Lord Justice of Appeal
- In office 1986–1992

Justice of the High Court
- In office 1973–1986

Personal details
- Born: John Dexter Stocker

= John Stocker (judge) =

Sir John Dexter Stocker, MC, TD, PC (7 October 1918 – 27 December 1997) was a British judge. He was a Lord Justice of Appeal from 1986 until his retirement in 1992.

Born in Wimbledon, the son of a chartered accountant, Stocker was educated at Westminster School and the University of London, where he read Law. During the Second World War, he served with the Queen's Own Royal West Kent Regiment. He saw action at Dunkirk, El Alamein, and in Italy. He won the Military Cross at the Battle of Monte Cassino. He reached the rank of lieutenant-colonel.

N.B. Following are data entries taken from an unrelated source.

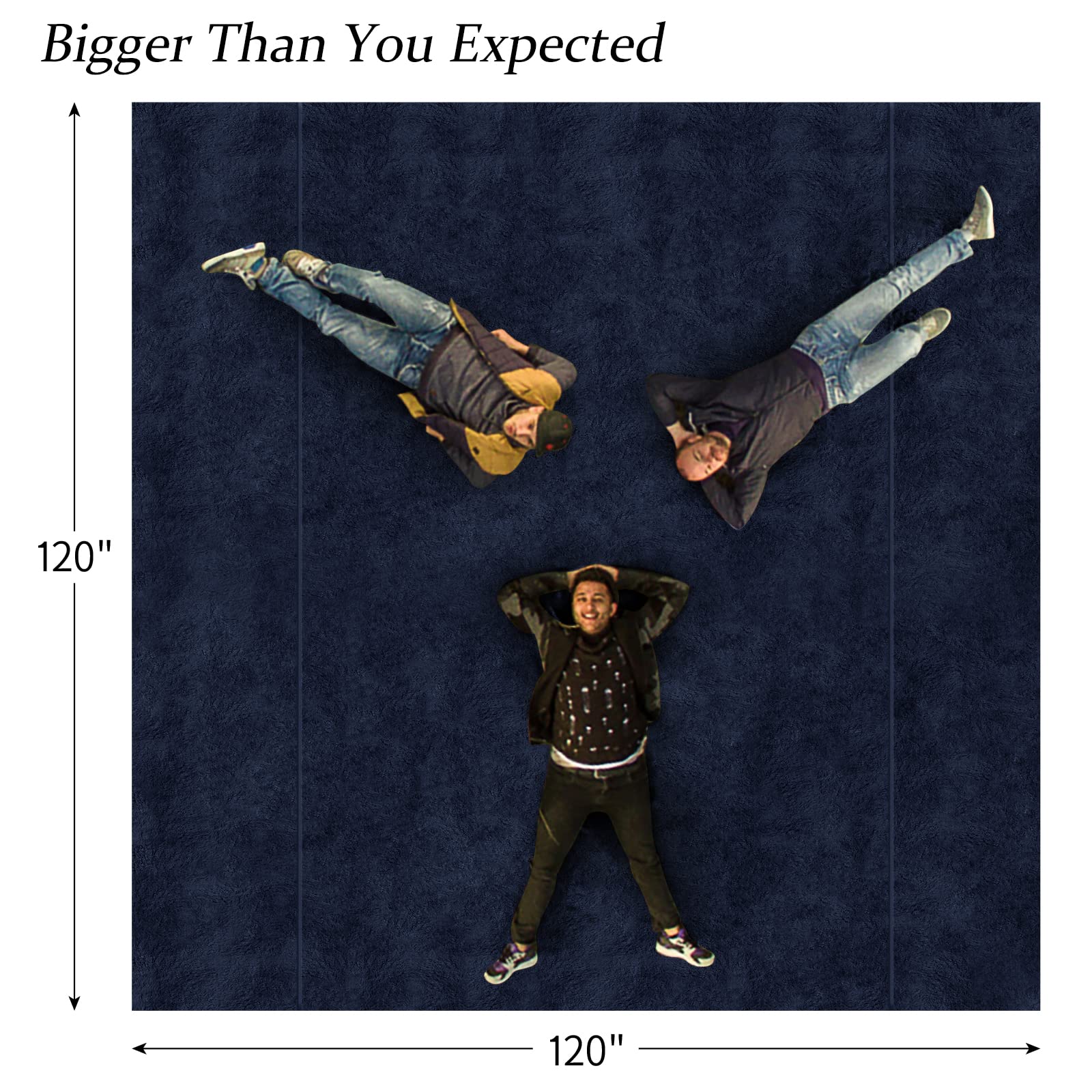 Oversized Blanket 120x120 Inches, Giant Huge Companion for Bed, Sofa, Travel and Camping, Extra Large Big Soft Blanket Fits The Whole Family and Outdoor Campaign, Navy
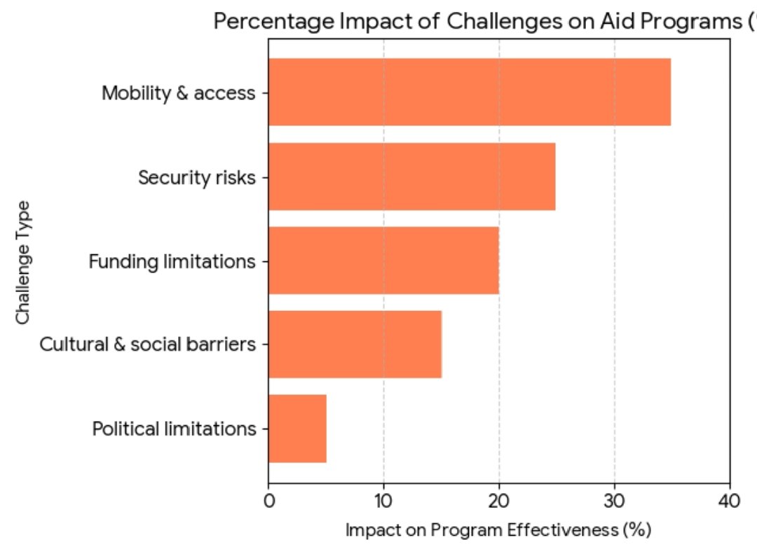Operational Challenges: Mobility restrictions, security, and cultural barriers limit aid effectiveness.
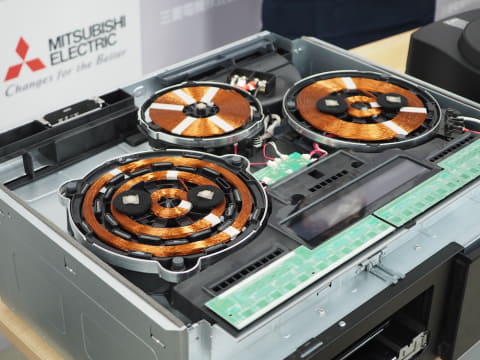 従来のIHでは鍋を加熱する磁力が内側に集まりやすく、鍋の内側と外側とで加熱ムラが生じることがあった。新製品では、この加熱ムラの原因となっていた、磁力の分布を的確にコントロールするため、「分割フレームコイル」を搭載。鍋やフライパンの端まで、しっかりと加熱できるようにした。
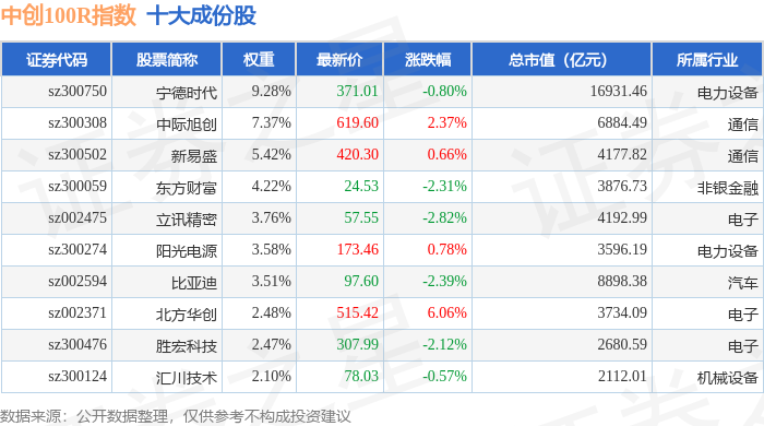 中创100R(399611)指数十大成份股详情如下:

Having intended to become a solicitor, he changed his mind and was called to the Bar by the Middle Temple in 1948. Becoming a Queen's Counsel in 1965, Stocker built a large common law practice, specialising in personal injury cases. He was counsel to the Widgery Tribunal.

Stocker was appointed to the High Court in 1973, receiving the customary knighthood. Assigned to the Queen's Bench Division, he was promoted to the Court of Appeal in 1986. He retired in 1992.